The passage of the Child Rights Act, 2003 (Amendment) Bill, 2020, followed a clause-by-clause consideration of a report by the Committee on Women Affairs, Chaired by Senator Betty Apiafi (PDP, Cross River West).

The Upper Chamber in an amendment to Section 195 of the Principal Act, inserted a new clause 195A which provides that: “In Criminal proceedings, a person will be found unsuitable to work with children – (a) on conviction of murder, attempted murder, rape, indecent assault or assault with intent to do grievous bodily harm with regards to a child; or

“(b) Persons whom the court have deemed incapable of understanding proceedings or entering a proper Defence due to mental illness as ruled by the court especially in matters which constitute murder, attempted rape, indecent or other sexual Offences with intent to do grievous bodily harm where the court would have convicted such persons but for the Defence of mental illness.”

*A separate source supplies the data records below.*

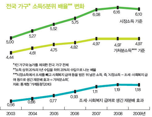 ‘평등 사회’에서 ‘불평등 사회’로 우리는 뒷걸음질하고 있다. 우선 우리 정부의 인식 수준을 보기 위해 ‘국민건강증진종합대책’을 펼쳤다. 종합대책은 우리나라 보건정책의 뼈대에 해당한다. 정부는 2003년과 2007년에 두 차례 종합계획을 발표하고, 현재 세 번째 종합대책을 마련하고 있다. 정부가 지난해 11월 공청회에서 제시한 종합대책 초안을 살펴보니, 종합계획의 2대 총괄목표 가운데 하나로 ‘건강 형평성 제고’가 제시됐다. 2007년에 만든 종합계획에도 같은 내용이 있었다. 문제는 각론이었다. 82쪽에 걸친 공청회 자료집에서는 건강 형평성을 높이기 위한 체계적인 정책들은 마련되지 않았다. 자료집은 건강 형평성 문제에 대해 “총괄에서 구체적인 지표를 세우지 않고 각 분과의 중점 과제에서 반영”하겠다고 밝혔다. 김명희 시민건강증진연구소 상임연구원은 “초안에서 건강 형평성을 이루겠다는 목표는 설정됐지만, 이를 뒷받침할 만한 내용이 없어서 정부가 정책 의지가 있는지 두고 볼 일”이라고 말했다. 두 번째 우리나라의 소득분배 동향을 살펴봤다. 숨이 막힐 지경이었다. 그만큼 가진 이들과 없는 이들의 소득 격차가 빠르게 벌어졌다. 통계청이 지난해 내놓은 지니계수와 소득 5분위 배율 등 소득분배 지수를 보면 소득 불평등 정도가 급격히 악화하고 있다. 2003년부터 집계되고 있는 2인 이상 가구 집계 지니계수를 보면 2003년 0.293에서 2009년 0.319까지 커졌다. 지니계수는 0~1 사이에서 분포하는데, 0은 사회 성원이 완전히 동등하게 소득을 나눴을 때, 1은 가장 부유한 한 사람이 모든 소득을 독식했을 때 나오게 된다. 따라서 1에 가까워질수록 소득 불평등 수준이 커진다는 뜻이다. 불과 6년 사이에 시장소득 지니계수가 0.026이나 늘었다. 부의 쏠림이 크다는 뜻이다. 이 과정에서 국가는 무슨 일을 하고 있었을까. 우리나라의 가처분소득 기준 지니계수를 보면 2009년 0.293이었다. 시장소득 지니계수보다 0.026이 낮았다. 이 말은 정부가 조세나 사회복지 급여 등 재분배를 통해 계급 간 소득 격차를 약간 낮췄다는 뜻이다. 말하자면 정부가 소득 형평성에 기여했다는 뜻이다. 스웨덴의 마법, 한국의 방치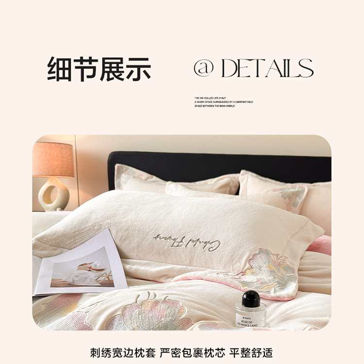 商品名称:(总)2025新款牛奶绒刺绣工艺高克重四件套-安娜
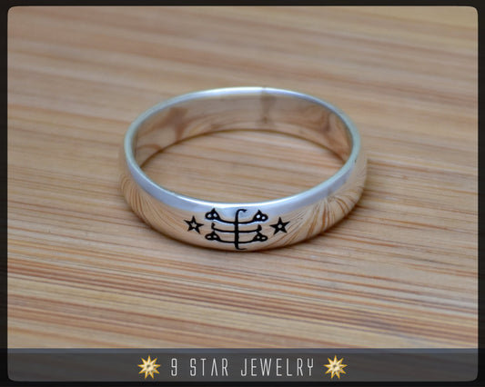 Sterling Silver Baha'i Ringstone Symbol Band Ring - Sizes 2.5 to 10.5

The Senate with the introduction of Clause 2 listed the categories of persons unsuitable to work with children as: “Any person who has been convicted of murder, attempted rape, indecent assault or sexual Offences with the intent to do grievous bodily harm with regard to a child during the five years preceding the commencement of this amendment.”

The Senate President, Ahmad Lawan, in a brief remark after the bill was passed, said, “there was prevalence of rape, especially of young children and in our institutions as well.”

“So, this amendment is going to cure those kinds of societal ills that will keep away those rapists from our children,” he added.